- Knaifel in 1982
- Born: 28 November 1943 Tashkent, Uzbek Soviet Socialist Republic
- Died: 27 June 2024 (aged 80) Berlin, Germany
- Occupation: Composer;

= Alexander Knaifel =

Soviet composer (1943–2024)

Alexander Knaifel (Алекса́ндр Аро́нович Кна́йфель; also Alexandr Knaifel; 28 November 1943, Tashkent – 27 June 2024, Berlin) was a Soviet and Russian composer, often described as one of the most prominent Russian composers of his generation. His work spans early experimental compositions associated with Soviet avantgarde and later turns towards a contemplative, spiritually oriented aesthetic influenced by Orthodox Christianity. Knaifel’s music is characterized by a distinctive use of silence, sparse
musical material, and unconventional approaches to text and sound.

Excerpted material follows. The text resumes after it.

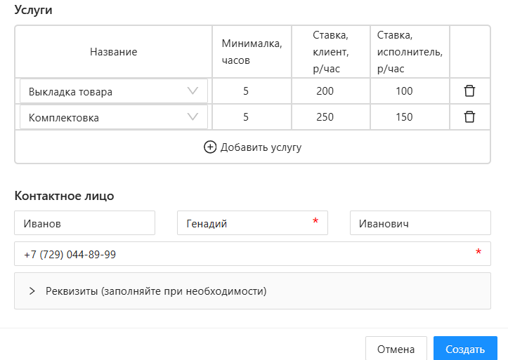 Добавляются вручную к каждому объекту. Включают: название, минимальные часы, ставка для клиента и исполнителя. |
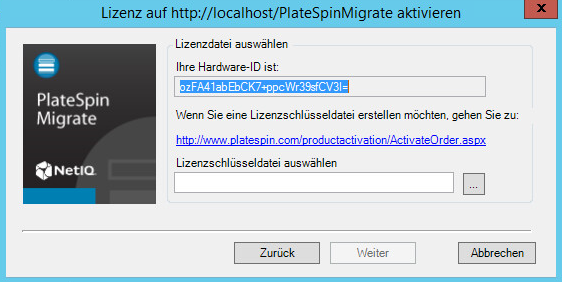 Zur Offline-Aktivierung müssen Sie zunächst den PlateSpin Migrate-Lizenzschlüssel über einen Computer mit Internetzugriff abrufen.

Knaifel was born in Tashkent to a family of Leningrad musicians evacuated there during the Second World War. His family soon returned to Leningrad (Saint Petersburg), which remained his lifelong home. Before turning to composition, he studied with Mstislav Rostropovich as a cellist, maintaining a close artistic relationship with him throughout his life.

His experimental work in the 1970s drew criticism from Soviet cultural authorities, and he was associated with the Khrennikov's Seven. From the 1980s, his works were increasingly performed internationally. Knaifel composed in a wide range of genres, including opera, orchestral, choral and chamber music, as well as music for more than forty films. Recordings of his works, particularly those released by ECM Records, contributed to his international recognition.

==Background==
Knaifel was born on 28 November 1943. He studied cello with Mstislav Rostropovich at Moscow Conservatory from 1961 to 1963, then composition with Boris Arapov in Leningrad from 1964 until 1967.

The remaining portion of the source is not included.